Het PAS bevatte namelijk de basis om toestemming te geven voor projecten die te veel stikstof uitstoten, zoals de uitbreiding van veehouderijen of de aanleg van wegen en woonwijken. Dit was mogelijk door in het PAS een pakket van herstelmaatregelen voor Natura 2000-gebieden vast te stellen. Zo werden voedselrijke gronden afgegraven en in deze gebieden aangebracht en werden voldoende geschikte leefgebieden gecreëerd zodat een terugloop van het aantal dieren uitblijft.

Door deze herstelmaatregelen worden in de toekomst positieve gevolgen in Natura 2000 gebieden verwacht. De verwachte toekomstige ‘winst’ werd beschikbaar gesteld voor projecten waarbij te veel stikstof vrijkwam. Het PAS liep dus altijd vooruit op de verwachte toekomstige positieve gevolgen van maatregelen in Natura 2000-gebieden en gaf hierdoor ‘vooraf’ toestemming voor de realisatie van nieuwe projecten waarbij een te grote hoeveelheid stikstof vrijkwam.

In strijd met Europese natuurwetgeving

De Afdeling twijfelde of het PAS voldeed aan de voorwaarden van de Habitatrichtlijn. In mei 2017 stelde de Afdeling dan ook prejudiciële vragen aan het Hof van Justitie van de Europese Unie (hierna: “Hof van Justitie”). Die oordeelde in november 2018 dat bij het PAS de positieve gevolgen van de maatregelen welke in het programma zijn opgenomen vooraf vast moeten staan wil de overheid een nieuw project toestaan. Omdat het PAS hieraan niet voldoet – deze ziet immers enkel op verwachte toekomstige positieve gevolgen – mag het niet als toestemmingsbasis voor nieuwe projecten worden gebruikt. Daarnaast wordt er in het PAS toestemming gegeven voor projecten op basis van maatregelen in Natura 2000-gebieden die nodig zijn om achteruitgang te voorkomen. Ook dat mag niet. De onderbouwing van het PAS deugt niet, zo was de conclusie van het Hof van Justitie.

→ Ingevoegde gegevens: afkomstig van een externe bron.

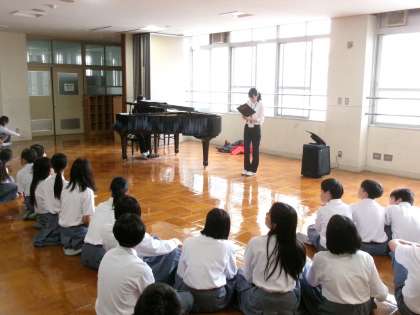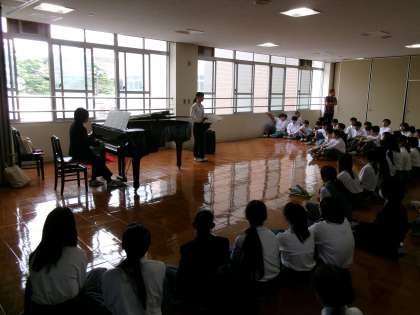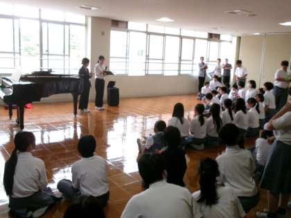 実習生ミニコンサート 公開日 2025/06/06 更新日 2025/06/06 学校の様子 本日お昼休み、1・2年生向けに音楽科の教育実習生によるミニコンサートが行われました。3週間、教育実習に取り組んだ実習生よりお礼を伝える代わりに歌を生徒に届けました。ささやかでしたがとても心温まるミニコンサートになりました。実習生のみなさん、本校での実習で取り組まれたことを大学を卒業されてからも実践してください。みなさんの今後のご活躍をご祈念しております。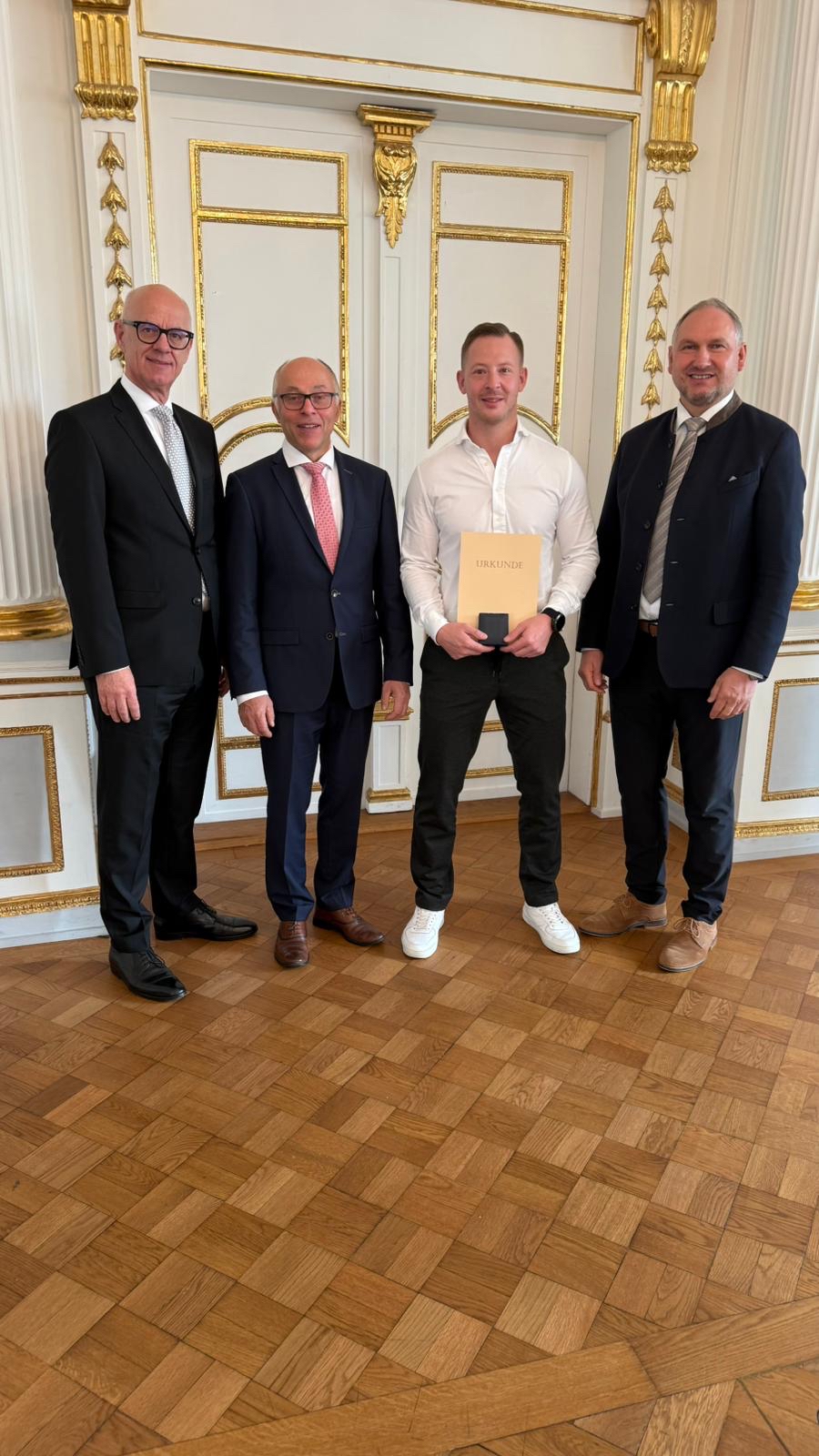 Eine öffentliche Anerkennung erhielt Lukas Reil von Regierungspräsident Walter Jonas. Er hatte zusammen mit Christian von der Heiden einem Unfallopfer das Leben gerettet. Im November 2024 waren beide zufällig auf der B 299 unterwegs. Ein LKW-Fahrer verlor durch einen Herzinfarkt die Kontrolle über sein Fahrzeug und kam schließlich im Graben und einer angrenzenden Wiese zum Stehen. Die Helfer bemerkten das Unglück und eilten ohne zu Zögern zum Unfallopfer. Dieser war nicht ansprechbar im Fußraum seines Fahrzeuges. Beide begannen unverzüglich mit der Reanimation, fast zehn Minuten bis zum Eintreffen des Rettungsdienstes. Sie haben unter schwersten Bedingungen alles getan, um ein Leben zu retten. Durch das besonnene Handeln hat der LKW-Fahrer überlebt, deshalb wurden beide kürzlich vom Regierungspräsidenten im Beisein von Bürgermeister Richard Kammerer ausgezeichnet.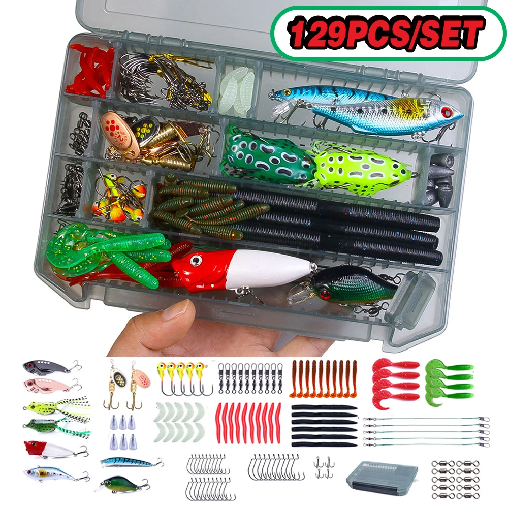 Kit de señuelo/gancho de pesca, juego de cebo suave y duro, cuchara de plantilla de Metal, aparejos de pesca, Kit de señuelo VIB mixto con caja, accesorios de aparejos de manivela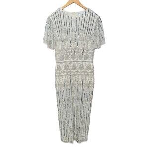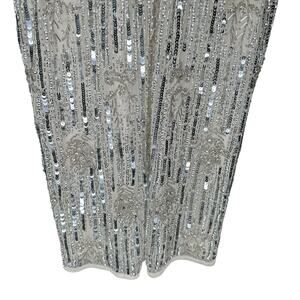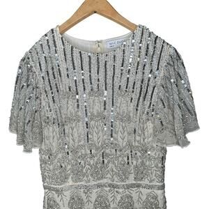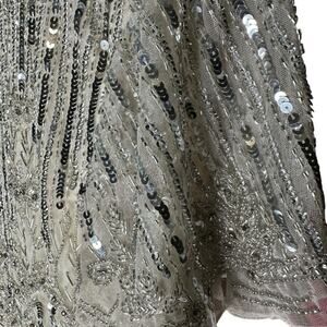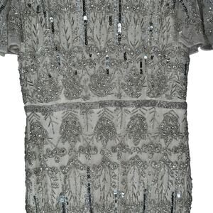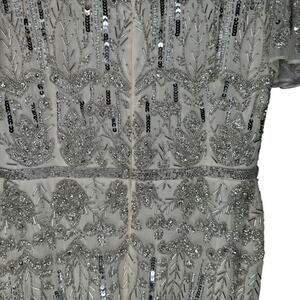 Mac Duggal Nude Silver Embellished Flutter Sleeve High Neck Dress 6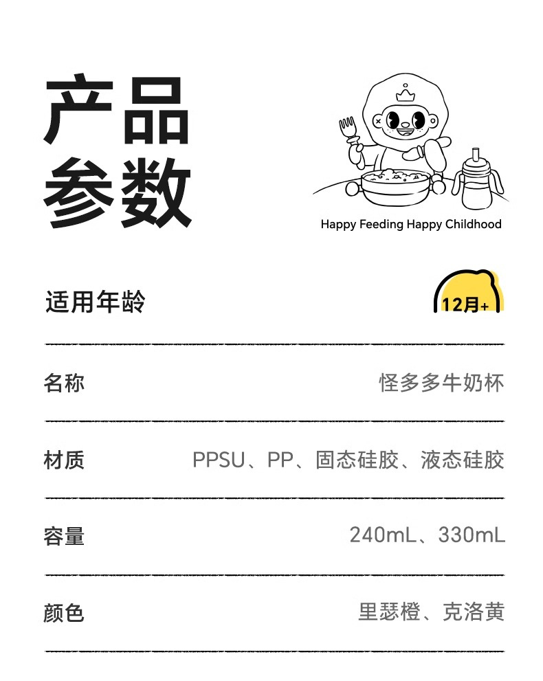 商品名称:VS【2025新款】皇宠儿童牛奶杯PPSU带刻度吸管水杯宝宝直饮喝水杯喝奶杯240/330ml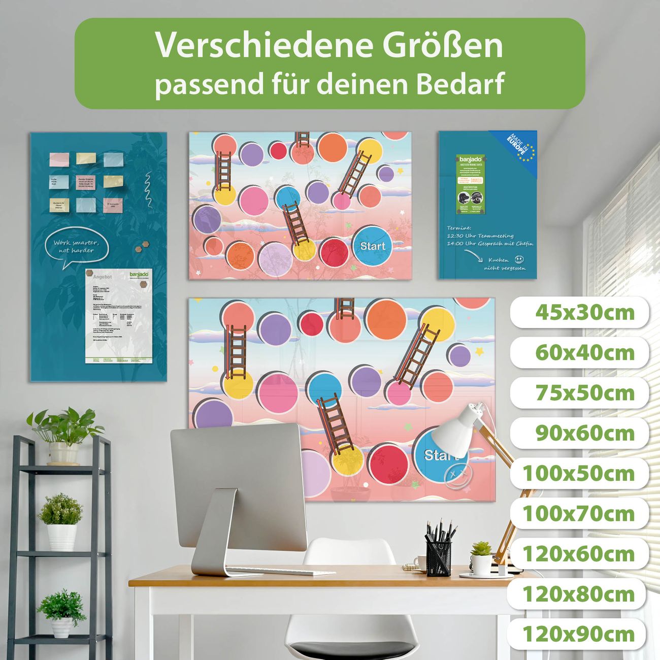 Material: 4mm Sicherheitsglas mit Metallrückwand Eigenschaften: beschreibbar, magnetisch, kratzfest Maße: 90x60x0,6cm, 8,10kg schwer Motiv Nummer 13003 Spielbrett 1 Zubehör: inklusive 4 Neodym-Magnete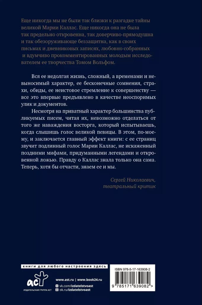 Pēc plaša rezonansi izraisījušas publikācijas Francijā Krievijā tiek izdota 20. gadsimta izcilākās operdziedātājas Marijas Kalasas (Maria Callas) memuāru grāmata. Grāmatā iekļauti dienasgrāmatas ieraksti, vēstules, kā arī retas fotogrāfijas. "Es uzrakstīju savus memuārus. Tie ir mūzikā, ko es izpildīju, - tā ir vienīgā valoda, kas man patiešām ir. Vienīgais veids, kā es varu runāt par savu mākslu un sevi. Un manos ierakstos, ciktāl tiem ir vērtība, ir saglabāts manas dzīves stāsts," raksta Marija Kalasa. Visi materiāli tiek publicēti pirmo reizi.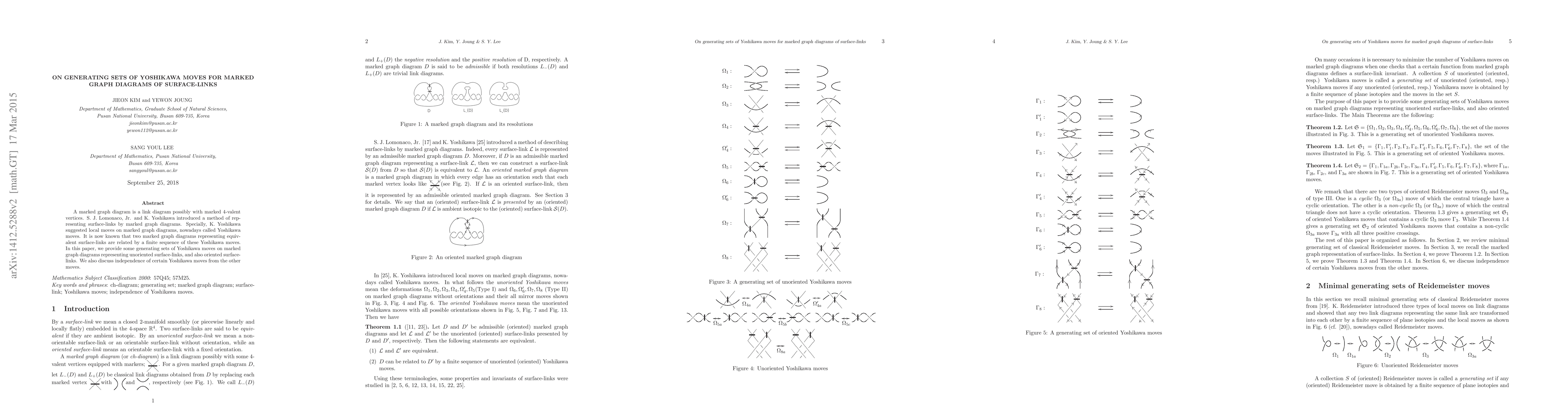 A marked graph diagram is a link diagram possibly with marked $4$-valent vertices. S. J. Lomonaco, Jr. and K. Yoshikawa introduced a method of representing surface-links by marked graph diagrams. Specially, K. Yoshikawa gave local moves on marked graph diagrams, nowadays called Yoshikawa moves. It is now known that two marked graph diagrams representing equivalent surface-links are related by a finite sequence of these Yoshikawa moves. In this paper, we provide some generating sets of Yoshikawa moves on marked graph diagrams representing unoriented surface-links, and also oriented surface-links. We also discuss independence of certain Yoshikawa moves from the other moves.
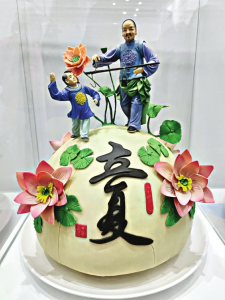 大展設立“二十四節(jié)氣花饃”“十二生肖花饃”“百面人生花饃”、國家級非遺項目花饃以及霍州花饃5個主題展區(qū)。“二十四節(jié)氣花饃”系列作品將節(jié)氣、農(nóng)事和習俗巧妙結合,講述了立春、雨水、驚蟄等24節(jié)氣文化,隨著節(jié)氣的更迭,花饃中的人物形象或耕種、或祭祀,傳達著自然與人類之間的和諧共生,生動再現(xiàn)了悠久的黃河流域農(nóng)耕文明;“十二生肖花饃”系列作品將十二生肖文化通過人物面塑作品巧妙再現(xiàn),賦予人物生肖特征,表達特定的文化意象與美好寓意;“百面人生花饃”展區(qū)展示了孝義花饃系列作品,展示了花饃在過節(jié)、生日、婚嫁、喬遷等人生重要生活場景中的運用及內(nèi)容形式等,表達了人們對幸福與和諧生活的美好愿望。
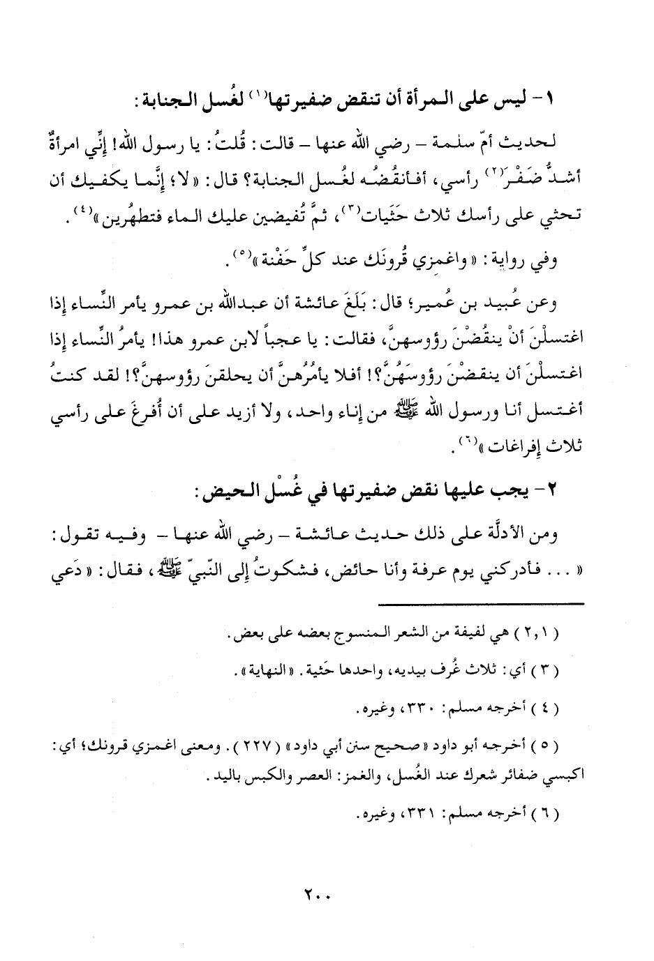 (¬5) أخرجه أبو داود "صحيح سنن أبي داود" (227). ومعنى اغمزي قرونك؛ أي: اكبسي ضفائر شعرك عند الغُسل، والغمز: العصر والكبس باليد.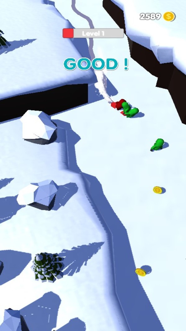 1、游戏真实模拟了滑雪的场景,玩家要灵活躲避各种障碍物。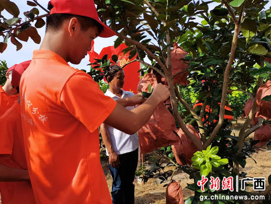 实践团成员学习套袋技术。谢其业 摄
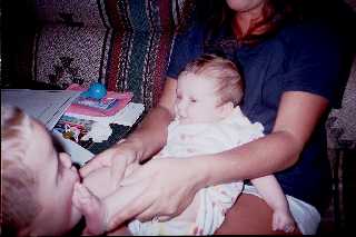 Alayna with Ms. Rachel's help, taking care of that big brother!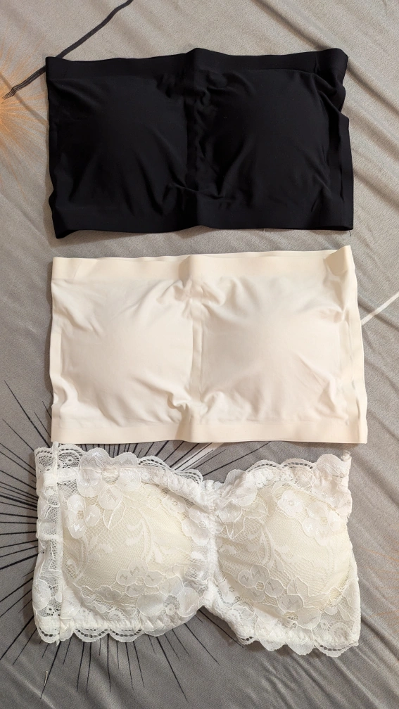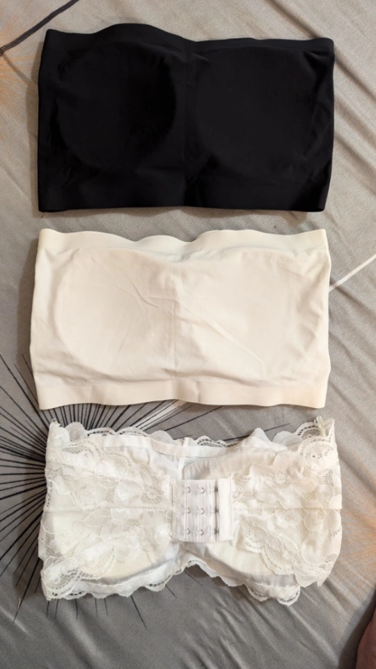A pack of three strapless bras, one black, one nude, and one white lace.

De Afdeling zet een streep door de vergunningen welke in de uitspraken van 29 mei 2019 zijn behandeld waarbij gebruik gemaakt is van het PAS. De Afdeling is (kort samengevat) tot het oordeel gekomen dat het PAS niet verenigbaar is het artikel 6 van de Habitatrichtlijn. Onder andere het verbod op externe saldering bij een natuurvergunning, opgenomen in artikel 5.5 lid 3 Wet Natuurbescherming geldt niet meer.

De Afdeling verklaart het PAS op dit vlak onverbindend met als gevolg dat deze niet meer mag dienen als basis voor toestemming voor projecten die stikstof uitstoten in de omgeving van Natura 2000-gebieden.

Vervolg

De twee uitspraken van de Afdeling hebben geen gevolgen voor reeds definitief verleende vergunningen, deze zijn immers onherroepelijk geworden. Vergunningen voor projecten die nog niet definitief verleend zijn zullen alle afzonderlijk moeten worden beoordeeld. Hierbij moet worden vastgesteld of door het desbetreffende project Natura 2000-gebieden kunnen worden aangetast.

Gevolg hiervan is dat een aantal op het PAS gebaseerde besluiten zijn vernietigd door de Afdeling, waaronder een aantal bestemmingsplannen die de bouw van wegen en woningen mogelijk zou hebben gemaakt.